Young Researchers’ Minisymposia

Processes and structures in nature happen and appear on different time and length scales that influence each other and have a significant effect on the macroscopic world and the way we experience it. Therefore, multiscale modelling has become increasingly important in various sciences like physics, chemistry, engineering and geology. To understand and capture the complex spatial and temporal scale interactions efficient bridging mechanisms between scales are needed. These can be provided by tools of asymptotic analysis.
While multiscale equilibrium problems have been in the focus of PDE theory and the calculus of variations for the last decades, the study of multiscale dynamics is a more recent development. What makes these problems notably interesting is that the combination of time evolution, being e.g. quasistatic or given by a gradient flow, and a limit passage requires deep insight into the precise mathematical and physical structure of the problem, which may not be apparent at the level of equations.

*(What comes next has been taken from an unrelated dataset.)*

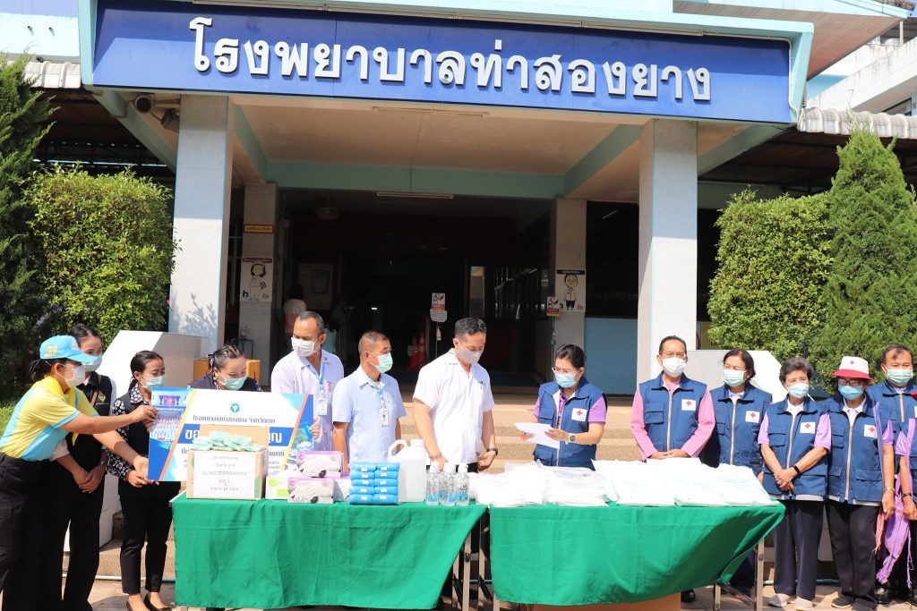 วันที่ 9 กุมภาพันธ์ 2564 ที่โรงพยาบาลท่าสองยาง อำเภอท่าสองยาง จังหวัดตาก นางศลิษา ภิรมย์รัตน์ นายกเหล่ากาชาดจังหวัดตาก พร้อมด้วยนายยงยุทธ สุขศิริ นายอำเภอท่าสองยาง/นายกกิ่งกาชาดอำเภอท่าสองยาง และกรรมการ/สมาชิกกิ่งกาชาดอำเภอท่าสองยาง ร่วมกันมอบวัสดุอุปกรณ์ทางการแพทย์และสิ่งของจำเป็นในการป้องกันโควิด-19 ให้แก่โรงพยาบาลท่าสองยาง โดยมี นายแพทย์ธวัชชัย ยิ่งทวีศักดิ์ ผู้อำนวยการโรงพยาบาลท่าสองยาง พร้อมคณะ รับมอบ

The aim of this minisymposium is to bring together researchers with different mathematical perspectives on evolving multiscale problems.

Organizers: Karoline Disser (Berlin), Carolin Kreisbeck (Regensburg)
Speakers: Elisa Davoli (U Vienna), Julian Fischer (MPI Leipzig), Agnes Lamacz (TU Dortmund), Giuliano Lazzaroni (SISSA Trieste), Sina Reichelt (WIAS Berlin), Jonathan Zinsl (TU München)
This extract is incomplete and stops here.